Yeah - not quite half a dozen but a few. I just did half a dozen necks though. I'm working on some Les Paul toolpaths right now. Lots of stuff to cut in an LP design. I've done the "rule of 18" fret board, 17 degree head stock neck, and a test body with carve top and all of the other routes. Just fine tuning the paths and thinking of how to do vintage correct control cavities.

Cheers Peter.


----------



## THRobinson (Jun 29, 2014)

CNC the necks as well? 

Do you have to make the diagrams for them? or there a resource online where you can just download/import and voila, perfect '57 Les Paul neck?

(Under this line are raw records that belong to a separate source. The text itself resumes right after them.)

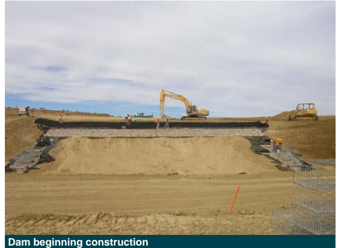
Dam beginning construction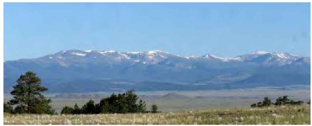
From the hilltop at the camp, we enjoyed this gorgeous view of the mountain range to the west.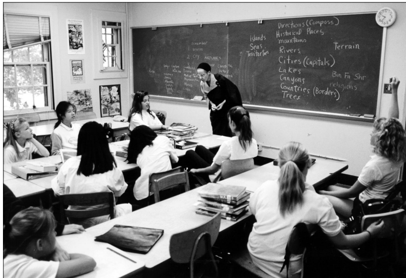
Developing Virtue Girls' School students during an in-class discussion led by an ordained nun.

Instilling Goodness Elementary School and Developing Virtue Secondary School, have been operating at the City of Ten Thousand Buddhas since 1973 and 1976 respectively. The Association also sponsors intensive retreats and meditation sessions; daily lectures on the Buddhist Sutras; and, periodic ordinations of Bhikshus and Bhikshunis (monks and nuns) into the orthodox Buddhist Sangha. The Association publishes the Buddhist monthly journal, Vajra Bodhi Sea.

Ever try a 27" scale Baritone neck? That's on my To-Do list. I do want to make a neck though... never tried one yet. Mostly in planning mode right now, until I get the garage cleared, basement cleared and my bench built. Kinda stuck right now until that all happens. Inherited a lot of tools, but near the end, my Dad was a bit of a hoarder, and when the folks moved a few years back, everything was packed up and just piled into almost a literal pile in the garage/basement.

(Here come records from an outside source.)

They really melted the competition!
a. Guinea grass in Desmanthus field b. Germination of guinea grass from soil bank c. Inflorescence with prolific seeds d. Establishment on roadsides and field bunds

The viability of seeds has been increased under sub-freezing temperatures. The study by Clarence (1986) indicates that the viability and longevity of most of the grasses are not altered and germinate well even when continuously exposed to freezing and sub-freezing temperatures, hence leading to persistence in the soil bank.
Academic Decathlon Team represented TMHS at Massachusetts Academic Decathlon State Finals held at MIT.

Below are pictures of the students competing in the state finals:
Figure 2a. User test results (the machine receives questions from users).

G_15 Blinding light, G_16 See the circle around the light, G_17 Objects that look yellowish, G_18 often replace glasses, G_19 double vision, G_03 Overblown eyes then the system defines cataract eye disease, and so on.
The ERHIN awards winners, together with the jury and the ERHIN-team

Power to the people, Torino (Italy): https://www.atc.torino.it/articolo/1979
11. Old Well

Kinda one of those cases where it's so much and so spread... it'll take more time to figure out how/where to start than to actually get it sorted.

Worth it though... found a band saw a few weeks back. New. In box. Gotta hope the dampness of the basement didn't kill it. 

Downside is, finding stuff that's useful, and partial... missing parts and no idea where they may be.


----------



## knight_yyz (Mar 14, 2015)

The entire guitar can be done on a cnc


----------



## nnieman (Jun 19, 2013)

THRobinson said:


> I thought if curved (left-to-right) if ran through multiple times on one side only, then flipped it, it would work the same as a router sled.
> 
> Here... I'll make a quick diagram of what I mean...
> 
> Also, planer sled? I've seen router sleds but not planer sleds....


In your picture the top image - the board can actually be pushed down flat by the rollers of the planer - especially with 1 piece stuff.
If you ran it the other way it would rock.

Peter is right, its not a big deal for something as small as a body blank but it can be a small or medium deal.

Nathan


----------



## knight_yyz (Mar 14, 2015)

nnieman said:


> In your picture the top image - the board can actually be pushed down flat by the rollers of the planer - especially with 1 piece stuff.
> If you ran it the other way it would rock.
> 
> Peter is right, its not a big deal for something as small as a body blank but it can be a small or medium deal.
> ...


That's a good point. If the roller pressure is stronger than the wood it will try to flatten the board while planing and it will "spring back" when it comes out of the rollers. So it will always look cupped.


----------



## THRobinson (Jun 29, 2014)

Hard to say now what I want... planer doesn't sound quite as good as I thought. Might go the route of a router sled instead since I already have a few routers. 

2x4's I'll maybe just cleanup with a table saw. Mostly just need them all to be the same size, and sharp reasonably square corners. 

Router sled will take less space as well. I can cut the slab up into rough blank sizes and use the sled on the smaller pieces instead of one big chunk, especially since be a lot of excess on the sides and between blanks that don't need done anyways since scrap. Save the router bit some wear.


----------



## THRobinson (Jun 29, 2014)

knight_yyz said:


> That's a good point. If the roller pressure is stronger than the wood it will try to flatten the board while planing and it will "spring back" when it comes out of the rollers. So it will always look cupped.


How strong are those rollers to be able to bend a 2" thick slab of Ash?


----------



## Guitar101 (Jan 19, 2011)

I have the Ridgid planer and have had for many years. The lifetime warranty is a plus. Especially if your still young and foolish. I personally think you can flatten a warped board by just taking a small skim off with each pass until it's flat.


----------



## nnieman (Jun 19, 2013)

THRobinson said:


> How strong are those rollers to be able to bend a 2" thick slab of Ash?


You’d be surprised.
Rubber coated rollers are more forgiving than steel rollers.
I think the 15” delta you’re looking at has steel rollers.
Ash is used for baseball bats because it flexes.